**YOUR OBJECTIVE**
Print the entries below word for word; the pictures stay out of your copy.

-.-.-

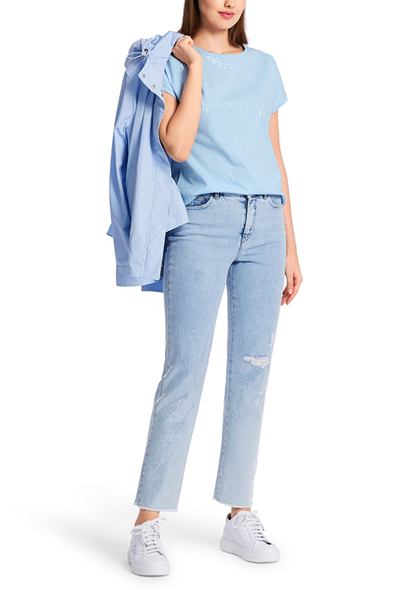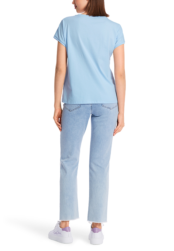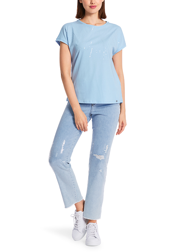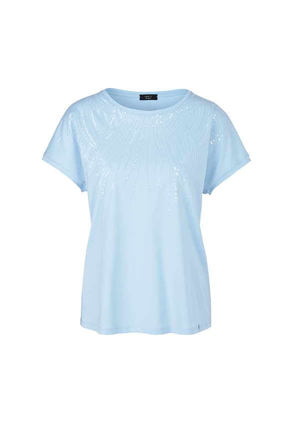 T-SHIRT Z CEKINOWYM HAFTEM NIEBIESKI
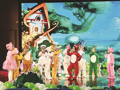 ①衢州市柯城区七彩桥幼儿园幼儿正在表演双语绘本剧。
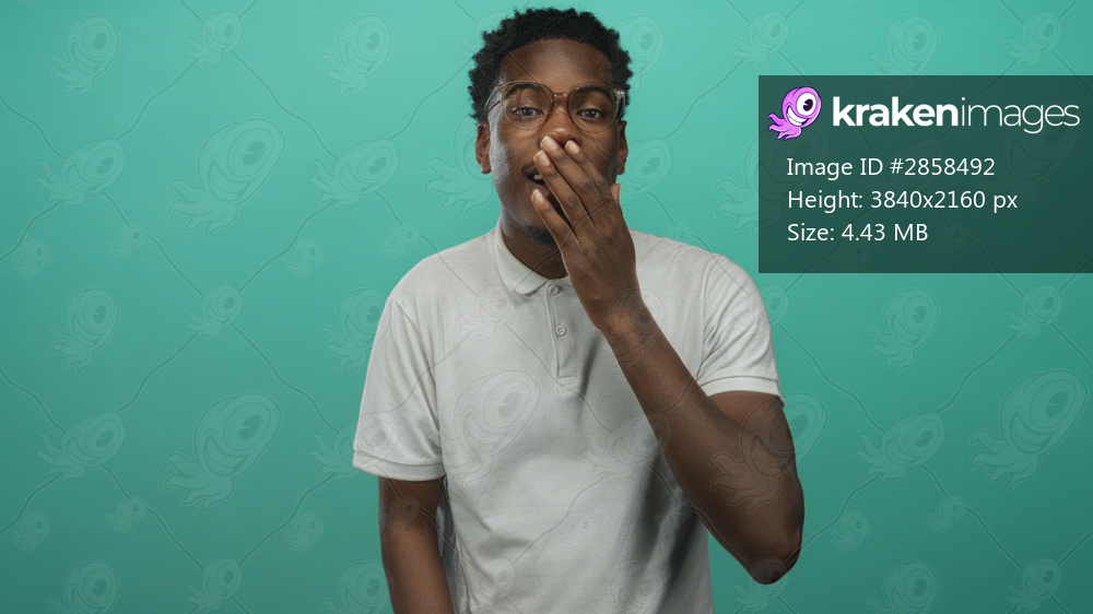 Man with glasses covers mouth with hand in studio setting capturing subtle gesture expression; surprise introspection.
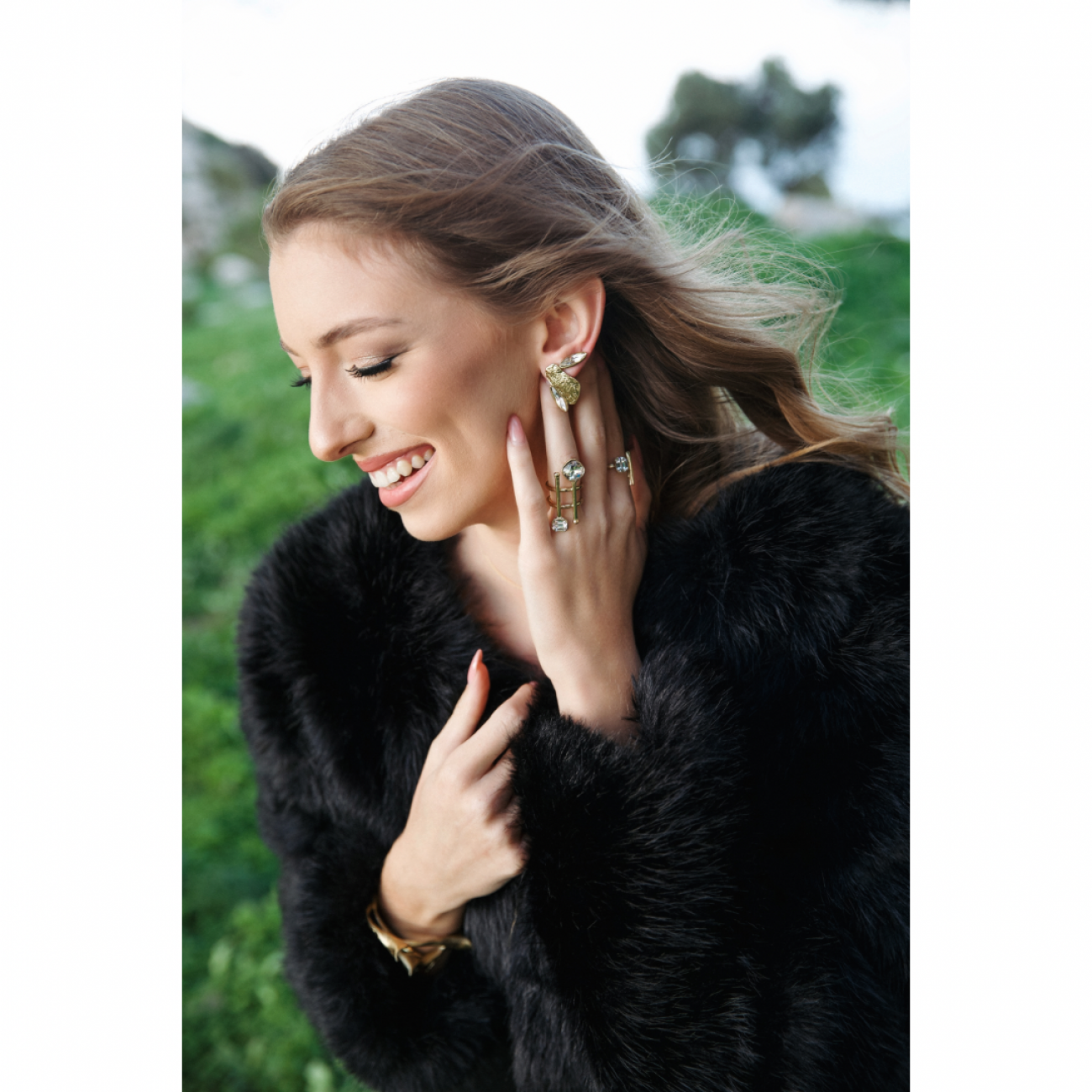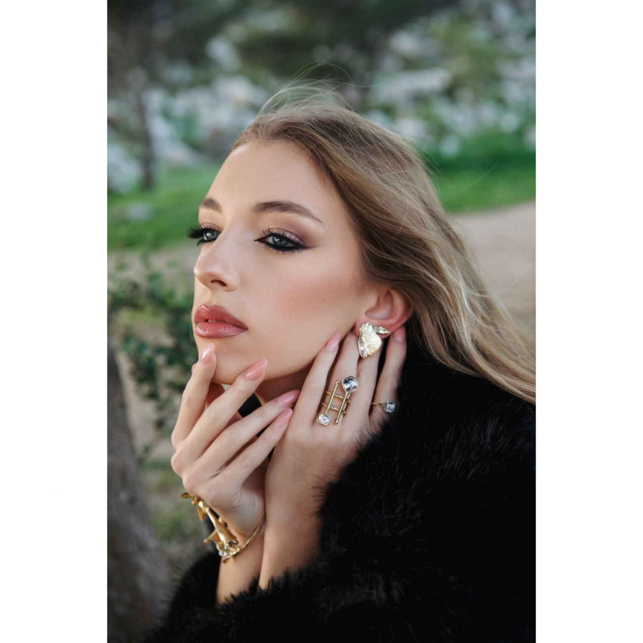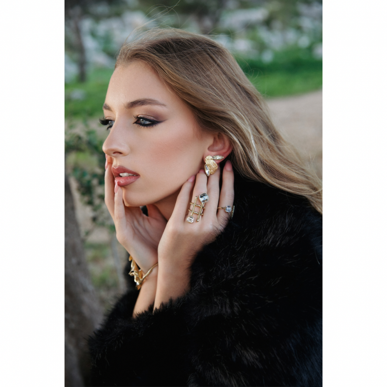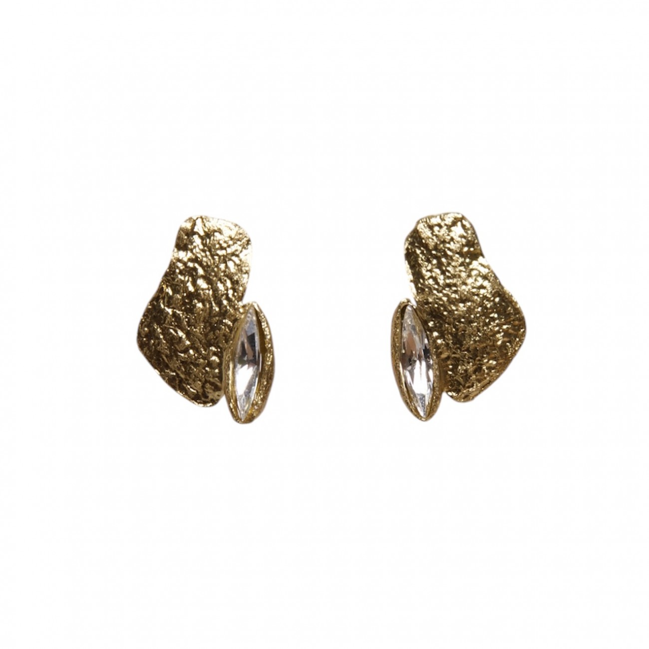 Orecchini in ottone con motivo asimmetrico e incastonatura laterale di pietre sintetiche.
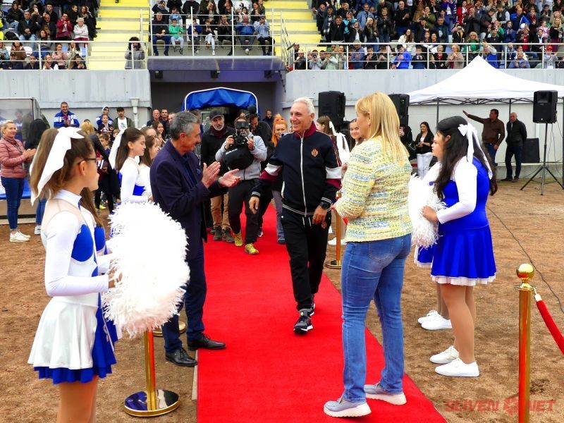 Стадионът на града се изпълни с бурни аплодисменти, усмивки и гордост, когато Камата – човекът, прославил България по целия свят, стъпи на зеления терен, посрещнат по български – с червен килим, питка и сол.
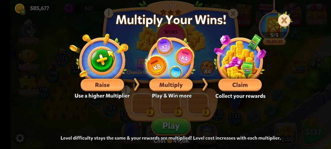 To keep things exciting, SGH lets you raise your bets by 2x, 4x, 8x up to 15x. It’s a clever risk-reward mechanism that appeals to both low-stakes grinders and high-rollers looking for big rewards. Of course, the house always wins eventually. Run out of coins? You’ll either wait for your hourly harvest or you’ll be nudged toward making a purchase.
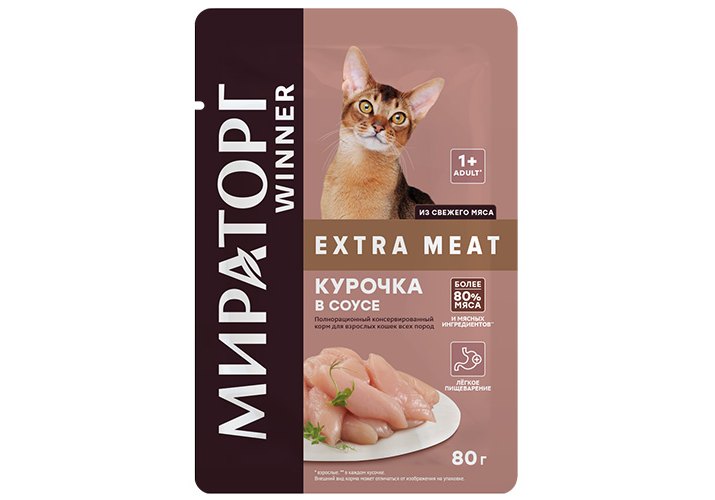 Мираторг Winner Extra Meat Влажный корм Паучи для взрослых кошек всех пород Курочка в соусе (цена за упаковку) 80г х 24шт

-.-.-

**TASK ANSWER**
 T-SHIRT Z CEKINOWYM HAFTEM NIEBIESKI
 ①衢州市柯城区七彩桥幼儿园幼儿正在表演双语绘本剧。
 Man with glasses covers mouth with hand in studio setting capturing subtle gesture expression; surprise introspection.
 Orecchini in ottone con motivo asimmetrico e incastonatura laterale di pietre sintetiche.
 Стадионът на града се изпълни с бурни аплодисменти, усмивки и гордост, когато Камата – човекът, прославил България по целия свят, стъпи на зеления терен, посрещнат по български – с червен килим, питка и сол.
 To keep things exciting, SGH lets you raise your bets by 2x, 4x, 8x up to 15x. It’s a clever risk-reward mechanism that appeals to both low-stakes grinders and high-rollers looking for big rewards. Of course, the house always wins eventually. Run out of coins? You’ll either wait for your hourly harvest or you’ll be nudged toward making a purchase.
 Мираторг Winner Extra Meat Влажный корм Паучи для взрослых кошек всех пород Курочка в соусе (цена за упаковку) 80г х 24шт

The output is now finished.